Opinion
Appeal from the District Court, First Judicial District, Los Angeles County.
The plaintiff averred in his complaint that on the 4th day of August, 1866, the defendant Carriaga procured to be issued out of the County Court, by defendant Mott, the Clerk, a writ pretending to be an execution purporting to be issued on a judgment rendered on the 28th of November, 1864, in favor of Carriaga and against Sanchez et al., and that defendant Ayers was proceeding as elisor, by virtue of the execution, to levy on and sell plaintiff's property. It was also averred that Carriaga was insolvent.
It was further averred that the execution was void, because the judgment and execution were against Sanchez et al., and in the suit in which it was pretended to be rendered there were several other defendants named; and that the judgment was void because rendered on the order of the Judge at chambers, and not in term time, and that the only entry of the judgment was in the Minute Book of the Court. There was no averment that the judgment was unjust, or that the amount for which the execution issued was not equitably due. The Judge of the County Court granted a preliminary injunction, and the defendants appealed from an order refusing to dissolve it.
COUNSEL:
Glassell & Chapman, for Appellants, argued that even if the judgment and execution were void, plaintiff's remedy was not by injunction from a Court of equity, but by motion before the Court out of which the process issued; and also that as the complaint did not aver that the judgment was unjust, or that plaintiff had any equitable defense to the action, or that the amount for which the execution issued was not equitably due, a Court of equity would not restrain the process of a Court of common law; and cited Marriner v. Smith , 27 Cal. 652; and Gregory v.

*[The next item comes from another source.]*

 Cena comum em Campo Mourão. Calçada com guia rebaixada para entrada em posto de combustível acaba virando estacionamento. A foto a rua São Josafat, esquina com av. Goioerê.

Ford , 14 Cal. 141.
V. E. Howard, for Respondent, argued that a County Judge could not issue an injunction as a part of the jurisdiction of his own Court, and as several terms had elapsed after the Clerk had pretended to enter the judgment before the execution was issued, that the County Court had lost jurisdiction over the proceeding if it wastreated as a judgment. He also argued that relief by injunction to stay proceedings on judgments by execution was a familiar proceeding in equity; and cited Story's Equity, Secs. 885, 886, and 874; and Sanford v. Sinclair, 8 Paige 374. He also argued that when the complaint averred that the judgment was void on its face it was unnecessary to aver that the judgment was unjust.
JUDGES: Sawyer, J.
OPINION
SAWYER, Judge
This is an appeal from an order refusing to dissolve an injunction. The motion was heard on complaint and answer. The judgment in the case of Carriaga v. Sanchez et al., copied into the transcript, is not a part of the answer, or of the papers upon which the injunction was granted, or upon which the motion to dissolve was heard, and, consequently, is no part of the record in this case.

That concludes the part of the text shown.